CommonGen (Generative Commonsense Reasoning)
Constrained text generation task, associated with a benchmark dataset
@kaggle.thedevastator_commongen_a_benchmark_dataset_for_generative_com
Constrained text generation task, associated with a benchmark dataset
@kaggle.thedevastator_commongen_a_benchmark_dataset_for_generative_com
The CommonGen Dataset is a new benchmark dataset for the task of generative commonsense reasoning. This task is challenging because it requires both relational reasoning using background commonsense knowledge and compositional generalization ability to work on unseen concept combinations. The CommonGen Dataset provides a set of training data and validation data for the task of generating commonsense sentences. The dataset contains a set of concept sets and target sentences that the model should generate
The CommonGen Dataset is a new benchmark dataset for the task of generative commonsense reasoning. This task is challenging because it requires both relational reasoning using background commonsense knowledge and compositional generalization ability to work on unseen concept combinations.
This guide provides an overview of the CommonGen Dataset and how to use it for generative commonsense reasoning tasks.

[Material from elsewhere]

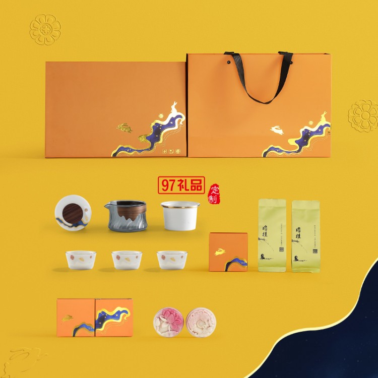 中秋禮品 玉兔奔月手抓茶壺老白茶禮盒羊脂玉茶具套裝

The CommonGen Dataset contains a set of training data, validation data, and test data. The training data consists of pairs of concepts and targets, where the target is a sentence that should be generated based on the concepts. The validation data contains pairs of concepts and targets, where the target is a sentence that should be generated based on the concepts. The test data contains pairs of concepts and targets, where the target is a sentence that should be generated based on the concepts.
To use the CommonGen Dataset for generative commonsense reasoning tasks, you will need to train a model on the training data and then evaluate your model on the validation and test data
- Achieving human-like commonsense reasoning ability in AI models
- Generating natural language descriptions of complex concept combinations
- Developing new methods for efficient data-driven commonsense knowledge acquisition
The CommonGen Dataset is a new benchmark dataset for the task of generative commonsense reasoning. This task is challenging because it requires both relational reasoning using background commonsense knowledge and compositional generalization ability to work on unseen concept combinations.
This dataset was created by the research team at the Allen Institute for Artificial Intelligence (AI2), in collaboration with academics from Carnegie Mellon University, Stanford University, and the University of Washington. We would like to thank these institutions for their support
License
License: CC0 1.0 Universal (CC0 1.0) - Public Domain Dedication
No Copyright - You can copy, modify, distribute and perform the work, even for commercial purposes, all without asking permission. See Other Information.
File: validation.csv
| Column name | Description |
|---|---|
| concepts | A set of concepts that the model should generate a sentence about. (Input) |
| target | The target sentence that the model should generate. (Output) |
File: train.csv
| Column name | Description |
|---|---|
| concepts | A set of concepts that the model should generate a sentence about. (Input) |
| target | The target sentence that the model should generate. (Output) |
File: test.csv
| Column name | Description |
|---|---|
| concepts | A set of concepts that the model should generate a sentence about. (Input) |
| target | The target sentence that the model should generate. (Output) |
CREATE TABLE test (
"concept_set_idx" BIGINT,
"concepts" VARCHAR,
"target" VARCHAR
);CREATE TABLE train (
"concept_set_idx" BIGINT,
"concepts" VARCHAR,
"target" VARCHAR
);CREATE TABLE validation (
"concept_set_idx" BIGINT,
"concepts" VARCHAR,
"target" VARCHAR
);Anyone who has the link will be able to view this.